ELF binary entry point

Question

why is the entry point in each ELF binary something starting with 0x80xxxxx? Why doesn't the program start at (virtual) address 0x0?

When executed, program will start running from virtual address 0x80482c0 (see entry point address). The "0x" prefix here means it is a hexadecimal number. This address doesn't point to our main() procedure, but to a procedure named _start. Never felt you had created such thing? Of course you don't. _start procedure is created by the linker whose purpose is to initialize your program.

(Text from http://www.linuxforums.org/articles/understanding-elf-using-readelf-and-objdump_125.html)

I'm quite curious about that, so any idea? Thanks!

Answer 1

Why not start at address 0x0? There's at least two reasons for this:

• Because address zero is famously known as a NULL pointer, and used by programming languages to sane check pointers. You can't use an address value for that, if you're going to execute code there.
• The actual contents at address 0 is often (but not always) the exception vector table, and is hence not accessible in non-privileged modes. Consult the documentation of your specific architecture.

As for the entrypoint start_ vs main: If you link against the C runtime (the C standard libraries), the library wraps the function named main, so it can initialize the environment before main is called. On Linux, these are the argc and argv parameters to the application, the env variables, and probably some synchronization primitives and locks. It also makes sure that returning from main passes on the status code, and calls the exit_ function, which terminates the process.

Answer 2

my google research so far just led me to some (vague) historical speculations like this: There is folklore that 0x08048000 once was STACK_TOP (that is, the stack grew downwards from near 0x08048000 towards 0) on a port of *NIX to i386 that was promulgated by a group from Santa Cruz, California. This was when 128MB of RAM was expensive, and 4GB of RAM was unthinkable.

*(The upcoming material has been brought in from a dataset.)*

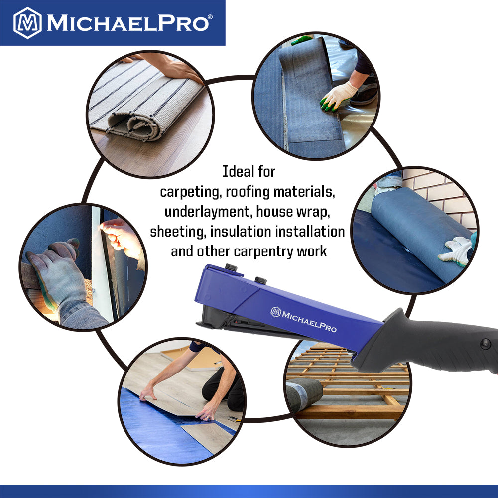 MichaelPro MP004027 is a heavy duty hammer tacker, includes T50 staples that the rear load holds two full sticks of Arrow T50 (1/4-inch, 3/8-inch, 1/2-inch) heavy duty staples, providing solutions to a various range of needs.

can anyone confirm/deny this? i'm really curious about understanding the rationale (if any?) behind 0x8048000.

Answer 3

As Mads pointed out, in order to catch most accesses through null pointers, Unix-like systems tend to make the page at address zero "unmapped". Thus, accesses immediately trigger a CPU exception, in other words a segfault. This is quite better than letting the application go rogue. The exception vector table, however, can be at any address, at least on x86 processors (there is a special register for that, loaded with the lidt opcode).

The starting point address is part of a set of conventions which describe how memory is laid out. The linker, when it produces an executable binary, must know these conventions, so they are not likely to change. Basically, for Linux, the memory layout conventions are inherited from the very first versions of Linux, in the early 90's. A process must have access to several areas:

• The code must be in a range which includes the starting point.
• There must be a stack.
• There must be a heap, with a limit which is increased with the brk() and sbrk() system calls.
• There must be some room for mmap() system calls, including shared library loading.

Nowadays, the heap, where malloc() goes, is backed by mmap() calls which obtain chunks of memory at whatever address the kernel sees fit. But in older times, Linux was like previous Unix-like systems, and its heap required a big area in one uninterrupted chunk, which could grow towards increasing addresses. So whatever was the convention, it had to stuff code and stack towards low addresses, and give every chunk of the address space after a given point to the heap.

But there is also the stack, which is usually quite small but could grow quite dramatically in some occasions. The stack grows down, and when the stack is full, we really want the process to predictably crash rather than overwriting some data. So there had to be a wide area for the stack, with, at the low end of that area, an unmapped page. And lo! There is an unmapped page at address zero, to catch null pointer dereferences. Hence it was defined that the stack would get the first 128 MB of address space, except for the first page. This means that the code had to go after those 128 MB, at an address similar to 0x080xxxxx.

As Michael points out, "loosing" 128 MB of address space was no big deal because the address space was very large with regards to what could be actually used. At that time, the Linux kernel was limiting the address space for a single process to 1 GB, over a maximum of 4 GB allowed by the hardware, and that was not considered to be a big issue.